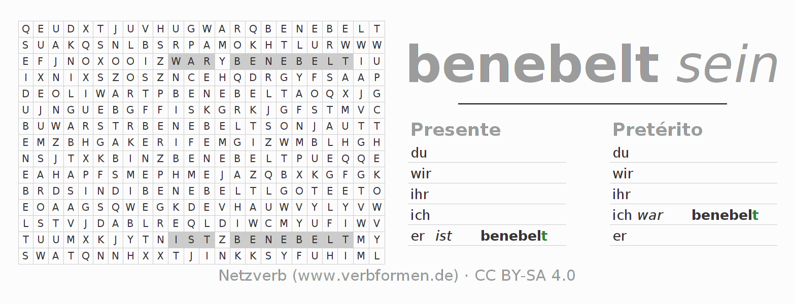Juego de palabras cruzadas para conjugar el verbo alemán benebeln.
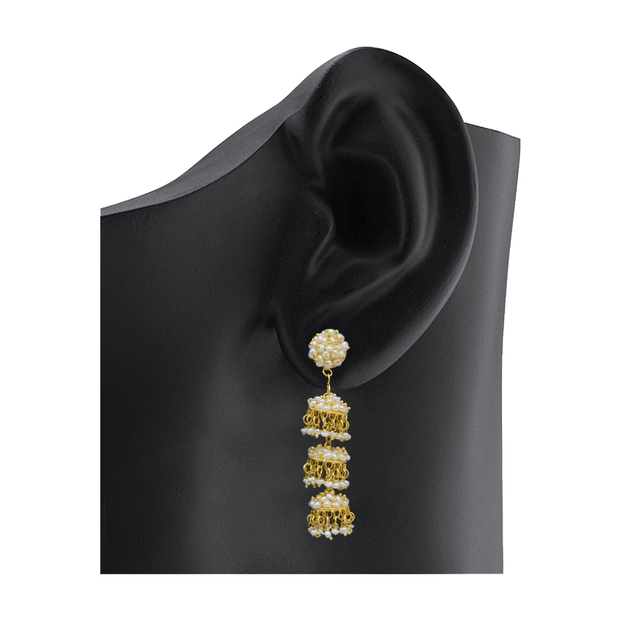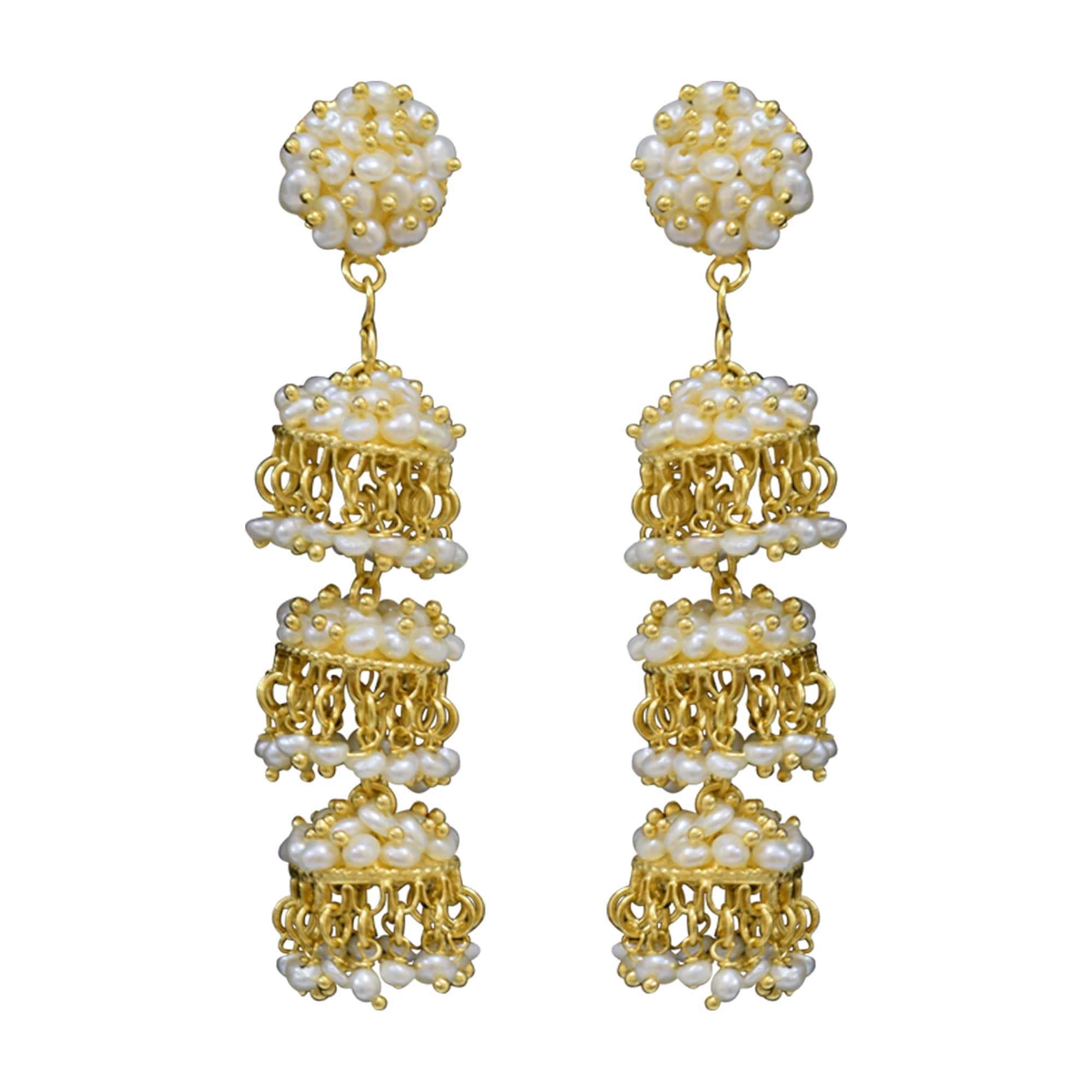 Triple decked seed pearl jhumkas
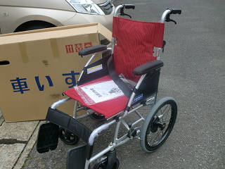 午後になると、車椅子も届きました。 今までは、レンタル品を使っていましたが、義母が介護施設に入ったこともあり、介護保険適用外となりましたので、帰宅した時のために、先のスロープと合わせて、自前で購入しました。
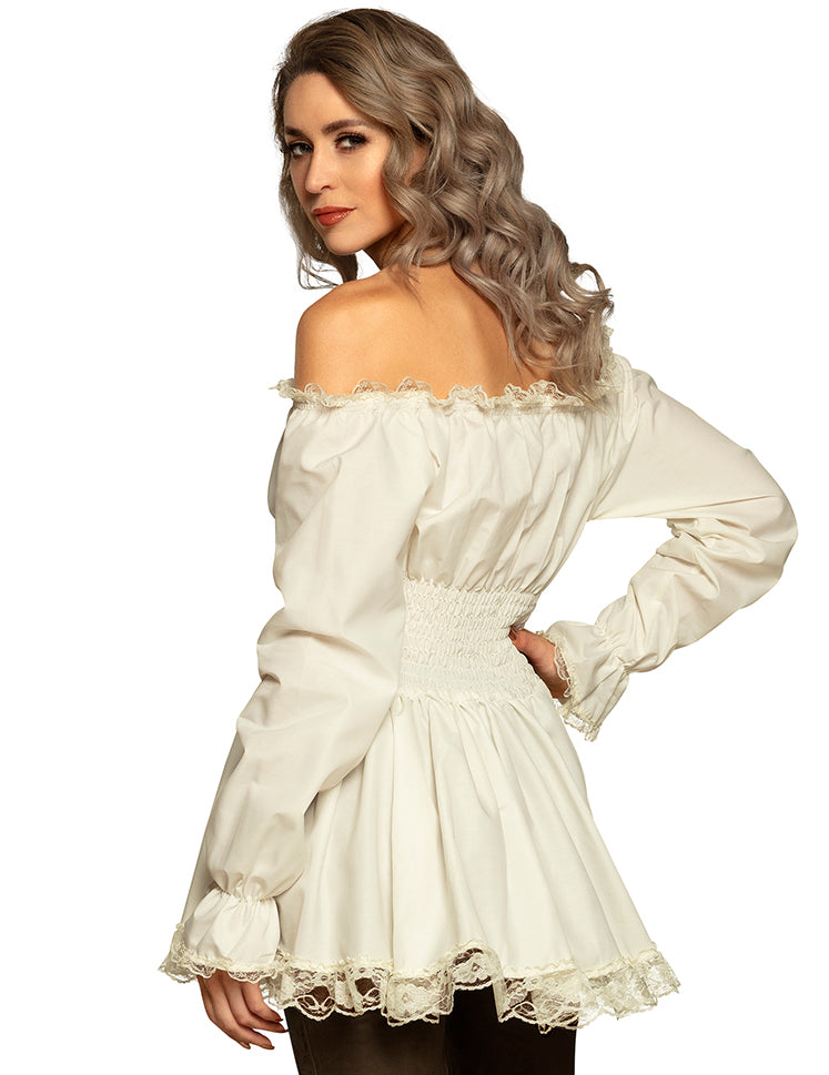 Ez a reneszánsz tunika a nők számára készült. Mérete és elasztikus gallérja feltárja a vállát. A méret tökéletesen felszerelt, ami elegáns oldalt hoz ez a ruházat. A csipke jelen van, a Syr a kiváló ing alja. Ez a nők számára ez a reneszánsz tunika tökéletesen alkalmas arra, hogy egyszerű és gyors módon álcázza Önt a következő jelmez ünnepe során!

---

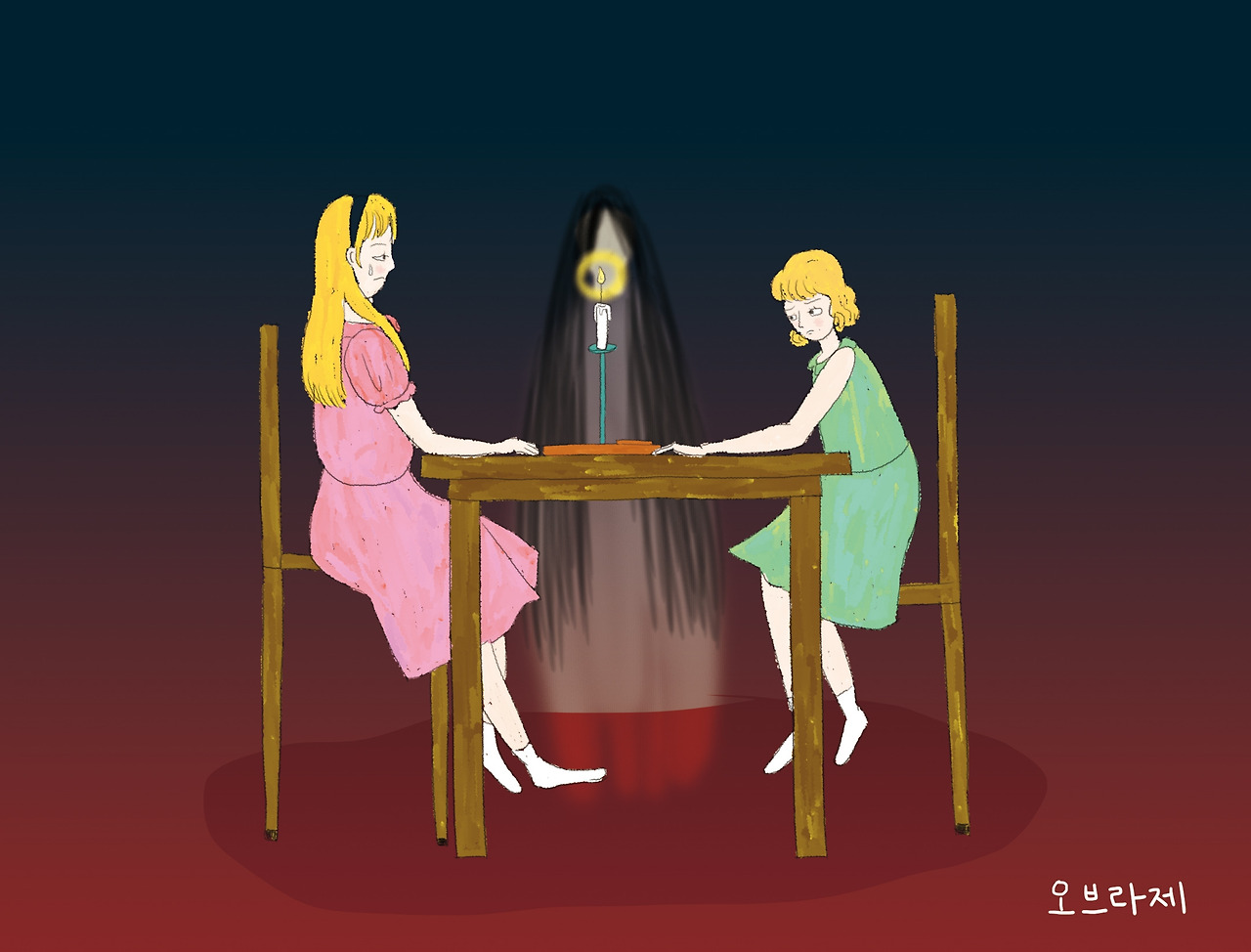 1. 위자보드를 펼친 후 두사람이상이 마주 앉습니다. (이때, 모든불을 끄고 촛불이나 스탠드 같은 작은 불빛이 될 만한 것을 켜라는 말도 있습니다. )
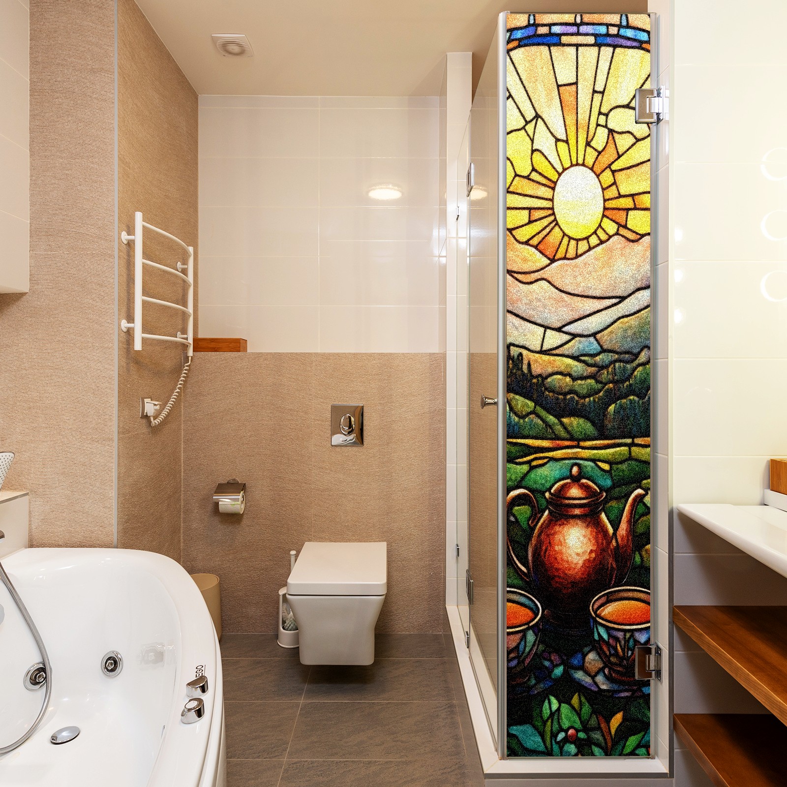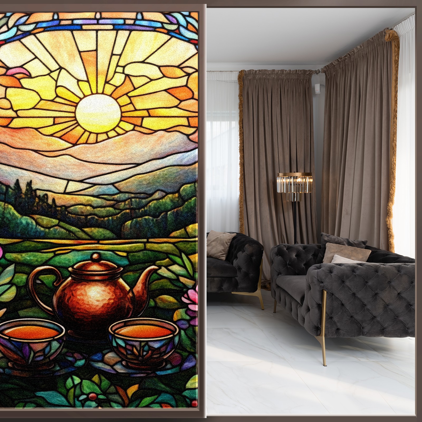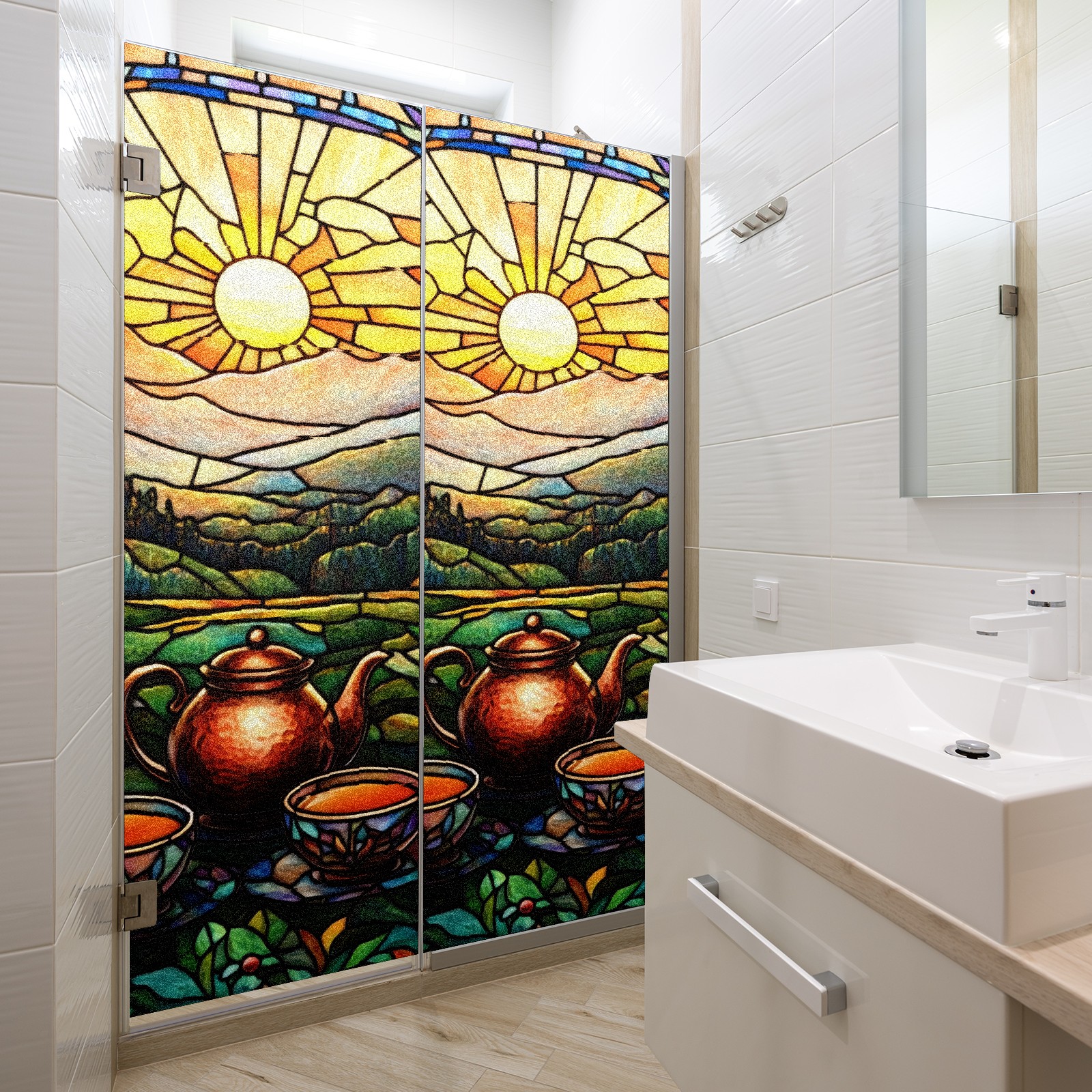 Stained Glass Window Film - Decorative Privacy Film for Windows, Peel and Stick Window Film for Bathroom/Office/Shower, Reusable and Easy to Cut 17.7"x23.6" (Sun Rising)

* * *

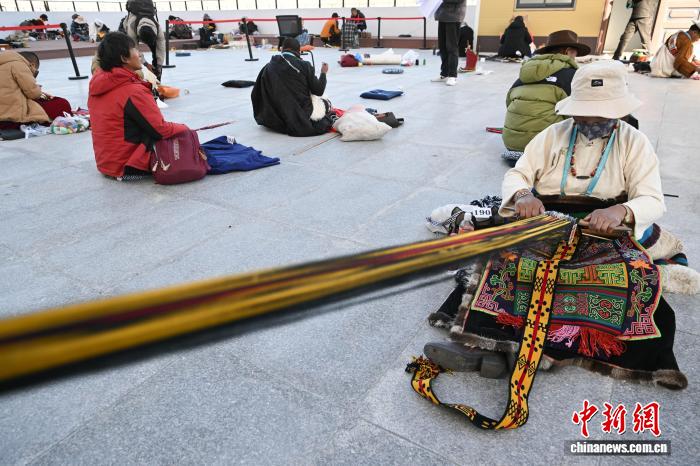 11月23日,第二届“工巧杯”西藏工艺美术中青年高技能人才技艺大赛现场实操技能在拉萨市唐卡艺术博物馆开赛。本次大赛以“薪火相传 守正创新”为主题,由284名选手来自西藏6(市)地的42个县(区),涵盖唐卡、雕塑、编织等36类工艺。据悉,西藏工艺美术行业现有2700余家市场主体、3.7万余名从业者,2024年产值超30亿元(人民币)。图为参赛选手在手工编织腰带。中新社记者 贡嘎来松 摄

▶ _What the exercise asks_: Whatever pictures the records hold, omit them; give again exactly the lines from the one containing "1. 위자보드를 펼친" through the one containing "Stained Glass Window".

▶ _Output below_:
 1. 위자보드를 펼친 후 두사람이상이 마주 앉습니다. (이때, 모든불을 끄고 촛불이나 스탠드 같은 작은 불빛이 될 만한 것을 켜라는 말도 있습니다. )
 Stained Glass Window Film - Decorative Privacy Film for Windows, Peel and Stick Window Film for Bathroom/Office/Shower, Reusable and Easy to Cut 17.7"x23.6" (Sun Rising)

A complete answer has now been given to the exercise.